▸ **Dataset content**
○ ○ ○ ○

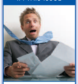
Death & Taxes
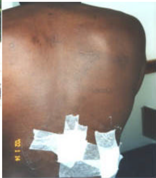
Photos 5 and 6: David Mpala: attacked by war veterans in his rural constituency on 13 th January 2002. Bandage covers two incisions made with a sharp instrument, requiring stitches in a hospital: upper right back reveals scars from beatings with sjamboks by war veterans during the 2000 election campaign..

○ ○ ○ ○

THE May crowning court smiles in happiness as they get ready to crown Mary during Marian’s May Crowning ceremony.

○ ○ ○ ○

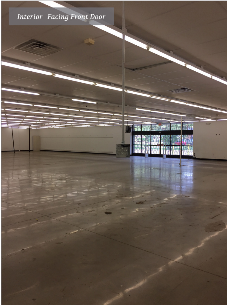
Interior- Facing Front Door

○ ○ ○ ○

Once the line with "Death & Taxes" is found above, transcribe each line from it through the line with "Photos 5 and", exactly, and omit the pictures.

▸ **Finished exercise**
Death & Taxes
Photos 5 and 6: David Mpala: attacked by war veterans in his rural constituency on 13 th January 2002. Bandage covers two incisions made with a sharp instrument, requiring stitches in a hospital: upper right back reveals scars from beatings with sjamboks by war veterans during the 2000 election campaign..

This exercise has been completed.